- Born: 1904 Croydon, South London, England, UK
- Died: 1992 (aged 87–88) Barry, South Wales, Wales, UK
- Education: Charlie Bell
- Known for: Tattoo artist

= Jessie Knight (tattoo artist) =

First female tattoo artist in the UK

Jessie Marjorie Knight (8 January 1904–1992) was the first prominent female tattoo artist in the UK.

==Personal life==
Jessie Knight was born in Croydon in South London, in 1904, one of eight children. Her family worked in circuses and she was involved in sharp-shooting and riding acts. She was married aged 27, but this only lasted eight years. She died in Barry, South Wales, in 1992.
==Career as tattoo artist==
Knight began as a tattoo artist in 1921 when she was 18, having learnt how to tattoo from her father. She worked in Barry, South Wales. She was later an apprentice with Charlie Bell in Kent. She then moved to her own tattoo shops in Portsmouth and subsequently Aldershot. Many of her clients were women. She returned to Barry in 1968 and continued working into the 1980s.

Her style was to work freehand after drawing the design onto the body.
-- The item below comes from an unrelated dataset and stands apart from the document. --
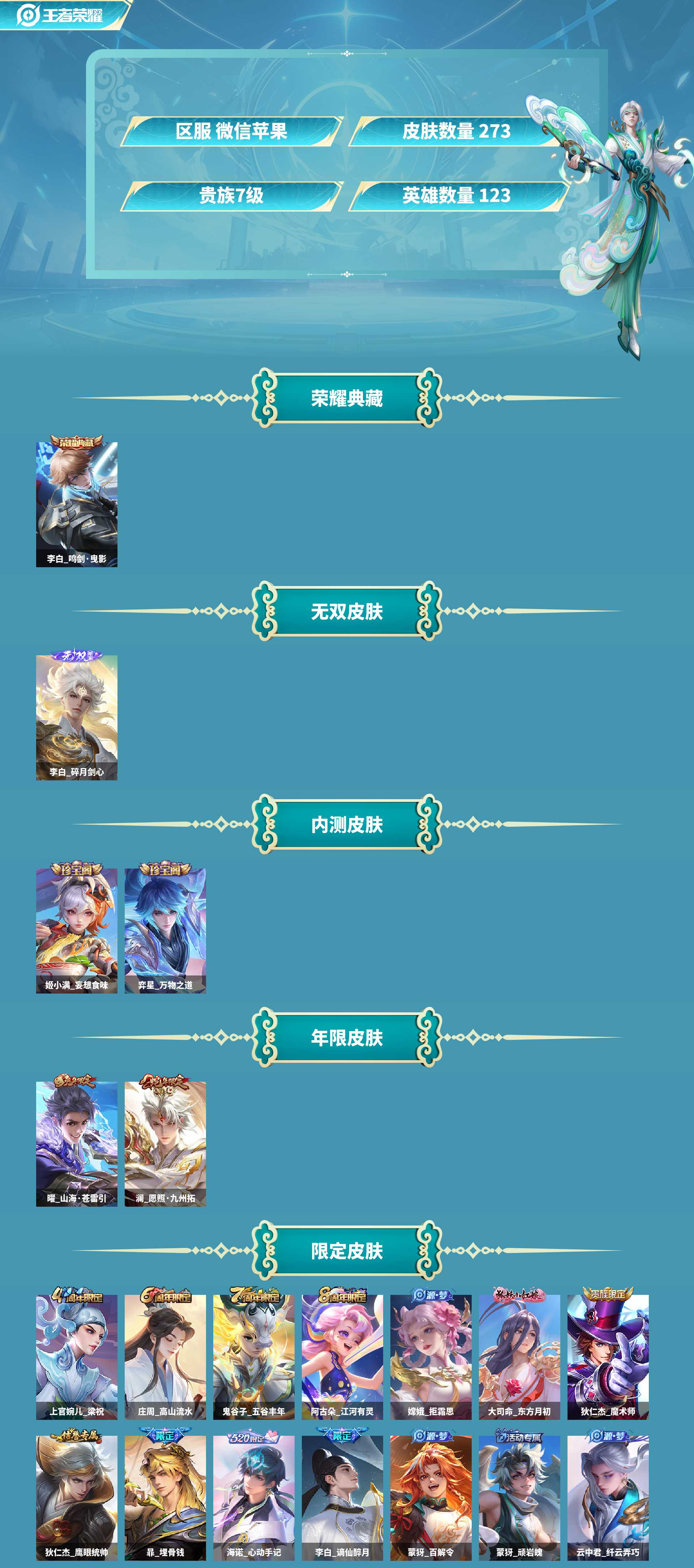 特价苹果v区273皮1水李白鸣剑曳影2无双李白碎月剑心诸葛亮天机白泽传说皮肤:虞姬启明星使,大司命死亡执政官,张良黄金白羊座,裴擒虎祥瑞亨通,澜愿照九州拓,桑启鸣野蒿,刘备时之恋人,马超琥珀纪元,澜逐花归海,马超无双飞将,诸葛亮鹤羽星尊,曜山海苍雷引,李白诗剑行,李信一念神魔,铠曙光守护者,曜云鹰飞将

In 1955 her tattoo of a highland fling won second prize in the Champion Tattoo Artist of All England competition held in London.

==Legacy==
Her work was included in an exhibition at the National Maritime Museum Cornwall, from March 2017 to January 2018, showing a history of British tattooing.
Tatty Devine has made a brooch and a necklace using an original design of Jessie Knight.
Skin Digging, an exhibition of work by and owned by Jessie Knight from the collection of Neil Hopkin-Thomas was on display January 18 - February 18, 2018 at the Art Exchange gallery on the University of Essex campus in Colchester. Knight was one of the tattoo artists featured in an exhibition about the history of British tattooing at Chatham Historic Dockyard in 2020. However, due to the COVID-19 pandemic, the event was cancelled.

A collection of Knight's machines, flash (designs), art and photos is held at St Fagans National Museum of History near Cardiff.